Although there is a positive correlation between wildfire frequency and respiratory death rate in most counties of California, there is an abnormally high frequency of wildfire and low respiratory deaths in Los Angeles. As is shown in the following chart, the wildfire counts in LA is far more than in other places.

# plot wildfire frequency bar chart in CA
counties_result %>%
  ggplot(aes(x=NAME,y=wildfire_count))+  # set X and Y values
  geom_bar(stat='identity',fill='red')+  # set stat to show original count and fill color
  labs(title='Wildfire Frequencies in Different Counties in CA, 2016-2018',  # set title
       x='County',y='Wildfire Frequency')+  # set X Y axes labels
  theme(axis.text.x = element_text(angle=90))  # set the rotation of X text to 90 degrees

The combination of abnormally high frequency of wildfire and low respiratory deaths in Los Angeles may be caused by the following reasons.

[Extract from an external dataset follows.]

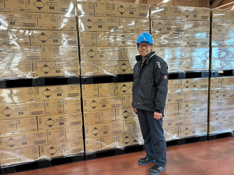 また、東日本大震災の時に、お取引先様の倉庫内で、揺れによって多くの荷物が崩れたという話を伺いました。そこで、それ以後は倉庫内で保管する際には全ての製品、材料にラップフィルムを巻いています。

problematic wildfire severity assessment method
different health care level among counties
different fire response speed among counties
different fire event counting ability among counties
…

For example, our method of assessing wildfire severity relies on counts. Nonetheless, other factors should also be taken into account, such as duration, size, etc. As we can see from the wildfire perimeter data from NIFC, the sizes of wildfires in LA are much smaller than those in other regions.

Wildfire perimeter data from NIFC. Blue polygons are the sizes of wildfires in the past 8 years.

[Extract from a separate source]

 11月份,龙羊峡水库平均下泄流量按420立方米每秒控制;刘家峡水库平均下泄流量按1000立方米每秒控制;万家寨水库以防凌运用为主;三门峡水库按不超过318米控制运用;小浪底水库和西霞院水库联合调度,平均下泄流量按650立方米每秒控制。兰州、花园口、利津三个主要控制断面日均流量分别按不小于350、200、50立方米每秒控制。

Also, maybe Los Angeles is just more advanced in wildfire detection and recoding so that it has more wild fire counts than other places.

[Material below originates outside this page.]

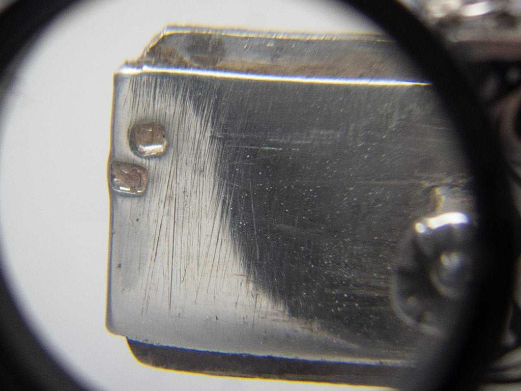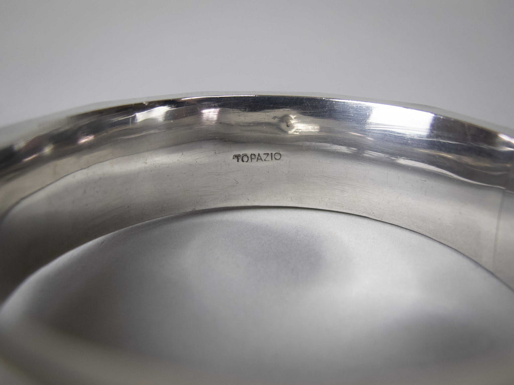 The 'Topazio' maker's name is clearly stamped to the inside of the bracelet. The Topazio hallmark of a crowing cockerel with '833' silver purity is stamped to the inside of the clasp, dating the piece c.1938 when that particular hallmark was first introduced.

For future studies, we can enhance our results by using a more rigorous and scientific variables to assess the wildfire severity in a region. Possibilities include:

Give different weights to different wildfire indexes (counts, size, duration, …)
Use instrument variables (e.g. biomass loss) as proxies for wildfire severity
…

Data availability

The data used in this project is available here in the folder lab1/.